» **TASK DESCRIPTION**: Begin your copy at the line holding "廣陵琴韻(一)古琴演奏:張子謙、戴樹紅專輯背面圖片" and end it at the last line of the listing. Keep every line exact and leave out the pictures.

» **DATA TO EXAMINE**:
_ _ _ _

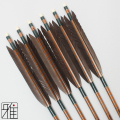 本来弓道用の矢は竹を加工して製作しておりました。いくつもの竹を切り、選別し矢を製作します。このため竹の矢は、非常に高価なものとなってきました。 そこで、近年の現代弓道では、ウッドカーボンによりその弓道の持つ文化的な一面を再現し、金属矢としてより竹矢に近い色を再現しております。 数あるカーボンシャフトサイズから、近的用としては、EASTON社の8023・7620の2つのシャフトサイズを選びました。
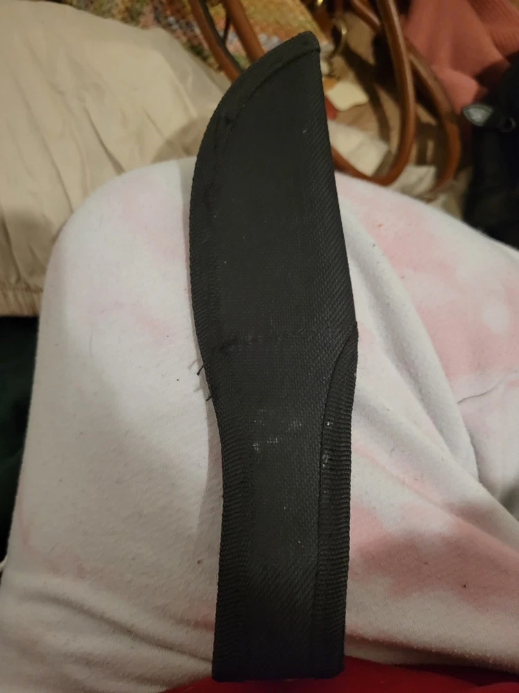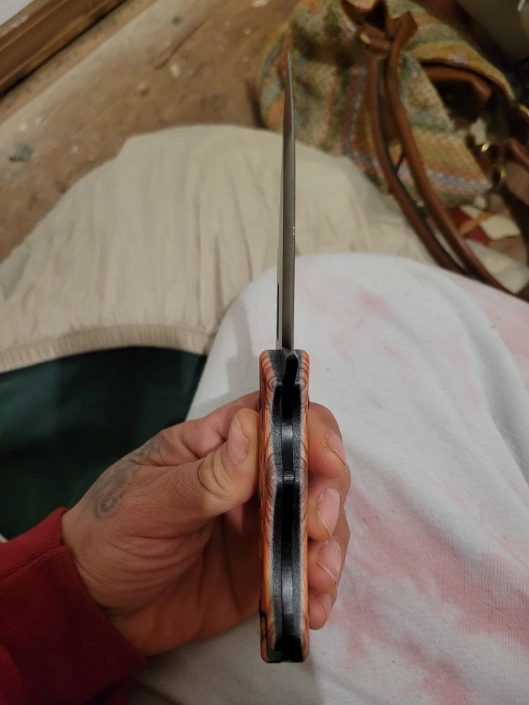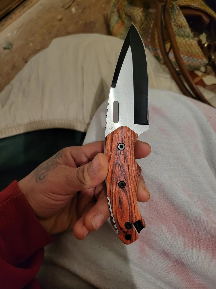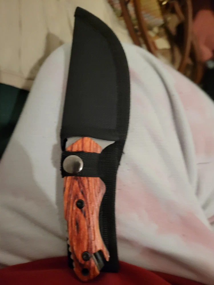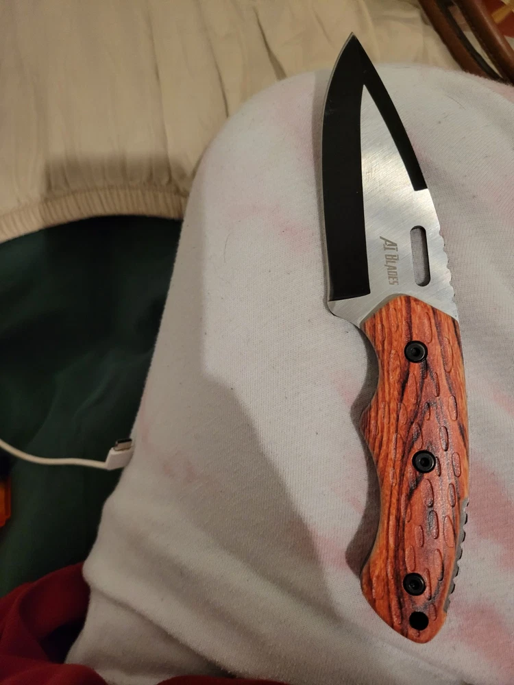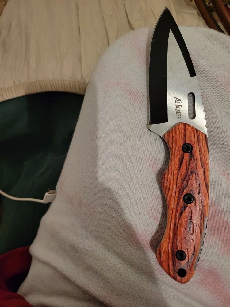 The AI Knives Custom Handmade Damascus Steel Hunting Knife features a full tang and a 5in. spear point blade with a combination edge. The handle is made of rosewood, and the blade color is stainless steel/black. This ambidextrous knife includes a sheath and has Damascus handguard, spacers, and endcap details, making it suitable for hunting, camping, combat, and everyday carry.
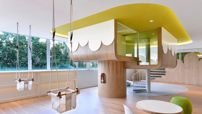 兒童教育培訓(xùn)機(jī)構(gòu)秋千區(qū)設(shè)計:探索樹上小木屋,讓孩子體驗(yàn)像鳥一樣的自由自在,每天蕩秋千20分鐘,寶寶會快樂一整天,來源于戶外的靈感,營造舒適的室內(nèi)玩耍空間。
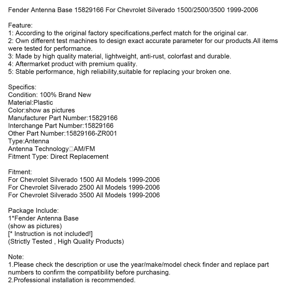 Embase d'antenne d'aile 15829166 pour Chevrolet Silverado 1500/2500/3500 1999-2006
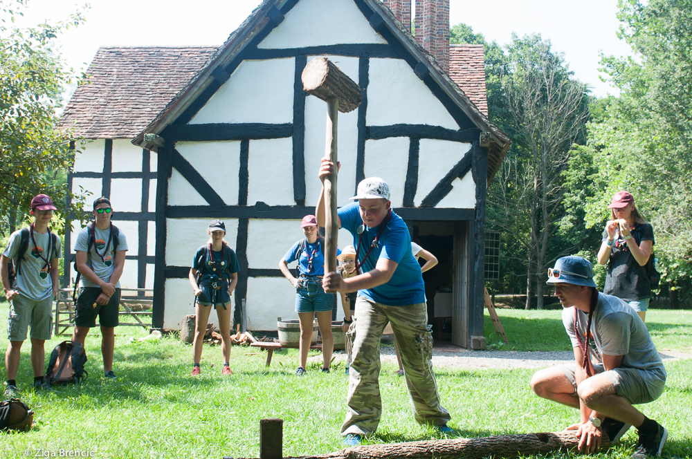 We changed our morning routine a bit and started with a morning exercise. After we packed up the bus drove us to the historic village. Where we had a tour of different cultures during the last few hundred years. We learned how they were cutting logs back at the day:And how they made nails:Next was a visit of Walmart. It's kind of must stop if one wants to get a proper American experience. Once we stocked ourselves with chips, cookies and other American junk food we drove to a park in Staunton and eat our dinner. Pizza, ice-cream and watermelon. Big thank you to our hosts Bob and Joanne for the organisation. At 19:30 we headed to a stadium to see a baseball game. Between Staunton Braves and Winchester Royals. Marko one of our scouts had the honour to throw the opening ball.We filled up the stadium. Players were a bit surprised to have such a big audience at a local game.Apparently at a baseball game its a custom to have a baseball cap and turn your cap based on how your team is doing. If the shield of the baseball cap is in front your team is wining and if it's turned around your team is losing. Sort of silent cheering.Our team (home team) Staunton Braves lost lost 7-2. But the whole experience was wonderful so no complaints here. At 22:00 we drove back to Blue ridge took a shower and went straight to bed. Oh and our bus died on our way back. Nothing major. Bus driver fixed a problem in a few minutes.
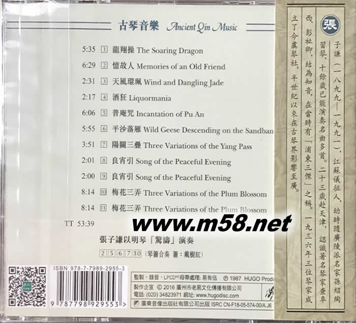 廣陵琴韻(一)古琴演奏:張子謙、戴樹紅專輯背面圖片
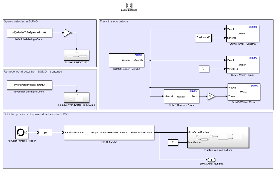 The Initialize SUMO subsystem uses the Actor and Writer blocks to initialize SUMO by spawning the traffic and defining the actor positions, respectively. Open the Initialize SUMO subsystem.
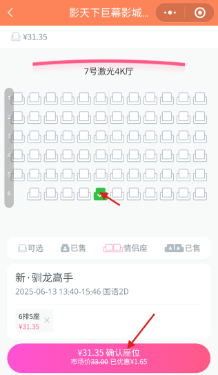 4进入选座页面后,选定自己喜欢的座位,点击确认按钮,再完成支付环节,就能顺利买到票了。

_ _ _ _

» **SOLUTION TO THIS PROBLEM**:
 廣陵琴韻(一)古琴演奏:張子謙、戴樹紅專輯背面圖片
 The Initialize SUMO subsystem uses the Actor and Writer blocks to initialize SUMO by spawning the traffic and defining the actor positions, respectively. Open the Initialize SUMO subsystem.
 4进入选座页面后,选定自己喜欢的座位,点击确认按钮,再完成支付环节,就能顺利买到票了。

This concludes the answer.